WASHINGTON — The FBI’s recommendation against criminal charges in the Hillary Clinton email matter drew immediate comparisons to last year’s high-profile case in which the agency took the opposite position and pursued the prosecution of then-CIA Director David Petraeus.
The Petraeus case, long seen by some as a potentially analogous investigation into the mishandling of government secrets, resurfaced within minutes of the FBI’s announcement on Tuesday when Republican presidential Donald Trump tweeted: “The system is rigged. General Petraeus got in trouble for far less.”
But that statement is dubious.
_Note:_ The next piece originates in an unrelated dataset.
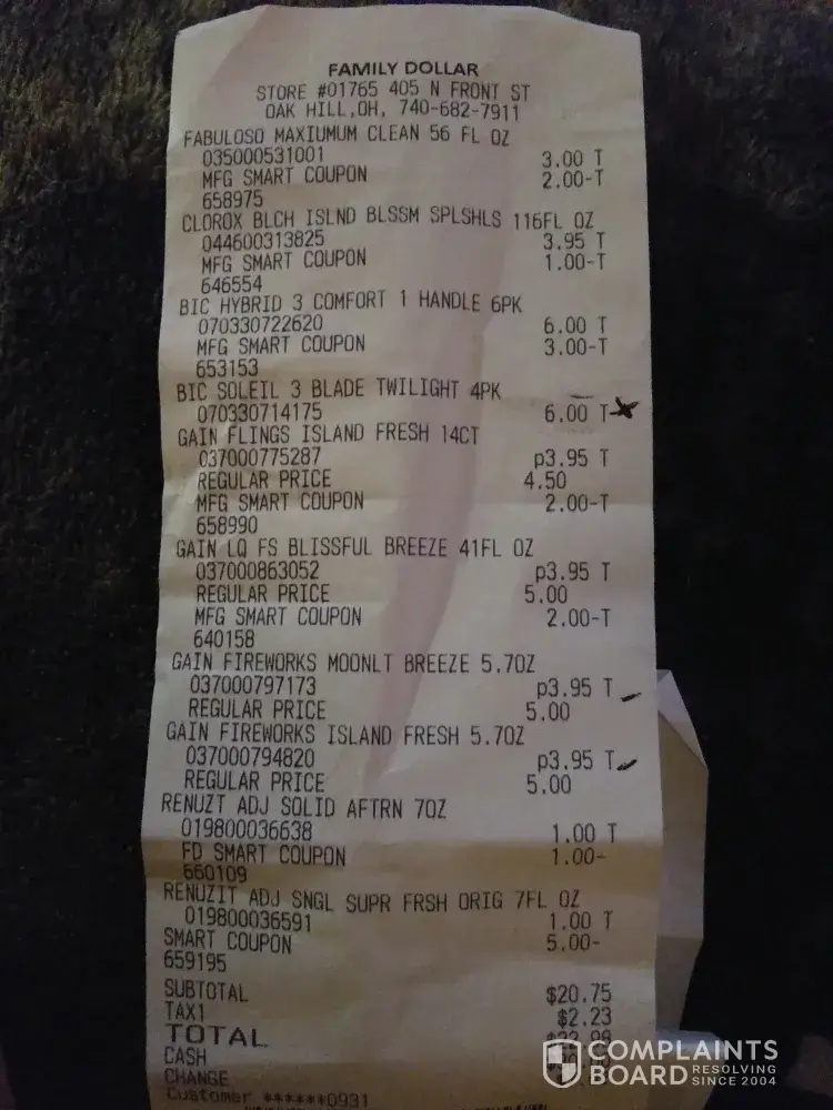 I just found your app for couponing. The first time I did it it worked perfect. I tried again me and my aunt both tonight 11/02/2019. Your store in oak hill ohio had a sale so we tried tonight. It wouldn't except the coupons on your app. It over charged me $6.00 for one bic razors. They were suppose to be $4.00 off. I got charged full price on one and only $3.00 on the other. Plus your gain fireworks was on sale for $3.95 the app said buy 2 get $3.00 off. Your store said there was a $2.00 coupon off. I used all digital coupons. I was charged $3.95 for each. They should have been $1.95 each from store . and razors should have been $3.00 each. So I was out of pocket around $10.00. My aunt's price did not come up the right price either. We were both getting about the same thing. So she was out around the same price. Sorry I don't have her reciept. Please fix your app . we can not even scan items in your store even your workers said no one's works. I also coupon At dollar General and I've always gotten great deals. Please make this right.or we will not be shopping there anymore and we had planned on doings this together once a week..Thank you.

Though both investigations examined the handling of classified information by powerful government officials, and both drew the attention of the highest-ranking officials of the FBI and the Justice Department, the probes are separated by critical distinctions.
In Clinton’s case, for instance, FBI Director James Comey said that though the former secretary of her state and her aides had been “extremely careless” with classified information that flowed through her private email server, there was no evidence that anyone intended to violate laws that govern the handling of secret records.
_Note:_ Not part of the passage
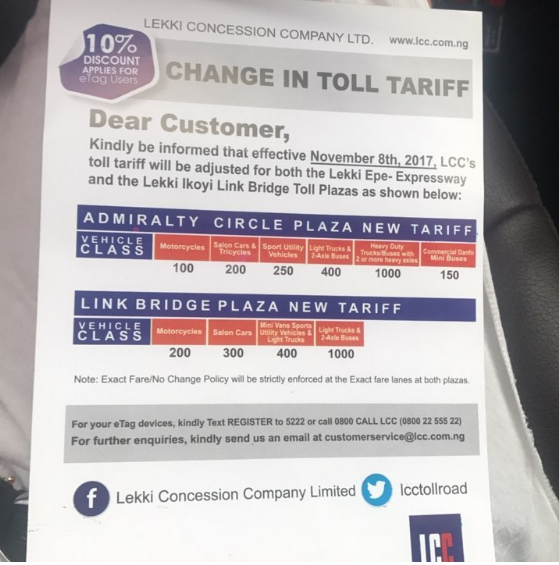 She took to her Instagram page to share a picture of the Lekki Concession Centre, informing Lagos motorists of their plan to increase the fare on Admiralty toll gate and Lekki-Ikoyi Link bridge toll gate from November 8th 2017.

Yet when Petraeus pleaded guilty last year to knowingly sharing binders of classified information with his biographer, a woman with whom he was having a sexual relationship, the Justice Department made clear that the retired Army general knew the material was top secret when he divulged it and had lied to the FBI about it.
Petraeus told Paula Broadwell, his biographer, in a recorded conversation in 2011 that the black books he was giving her were “highly classified” and contained “code word stuff,” prosecutors said. A year later, he told FBI agents who questioned him that he had never shared classified information with Broadwell.
Though he was never charged with making false statements, Petraeus pleaded guilty to a misdemeanor count of unauthorized removal and retention of classified. Information. He received probation and no prison time under his plea deal.
That misdemeanor outcome, in a case prosecutors said involved evidence of a false statement and willful mishandling, struck some legal experts and law enforcement officials as overly generous and likely made it much harder to bring any charges in the Clinton investigation — a case Comey said was lacking in criminal intent.
“The evidence in the Petraeus case of willfulness was significant,” said James Melendres, a former Justice Department prosecutor and the lead prosecutor in that case. “The false statement was an aggravating feature.”
Those are among the elements of a crime that the FBI looks for in investigations concerning the mishandling of classified information, Comey said Tuesday. The cases that prosecuted for that offense historically involve intentional or willful mishandling of classified information, signs of disloyalty to the United States, efforts to obstruct justice or the disclosure of vast quantities of secret records.
“We do not see those things here,” he said.
The Petraeus case is “more in line with the types of cases that have been prosecuted, which is when information was clearly marked or there is a significant amount of it in paper,” said Mark Zaid, a Washington national security lawyer.
Even so, Comey, in an extraordinary public statement at FBI headquarters, left no doubt that the FBI had detected significant problems in her email practices as secretary of state.
The FBI chief said that in the course of the investigation, 113 emails were determined to contain classified information at the time they were sent or received. He also said that “several thousand work-related emails” were not among the group of 30,000 that Clinton turned over in 2014.
He said there was evidence of “potential violations of the statutes regarding the handling of classified information.” But, he said, there was no evidence that anyone intended to violate any laws and that the FBI’s judgment was “no reasonable prosecutor would bring such a case.”
Criminal charges could theoretically have been brought but would “definitely have created a new precedent” given the large number of government officials who are similarly lax in their treatment of sensitive records, Zaid said.
“While it could have been prosecuted, I think as a practical reality, the precedent it would have created would have had far-reaching ramifications throughout the entire system,” he said.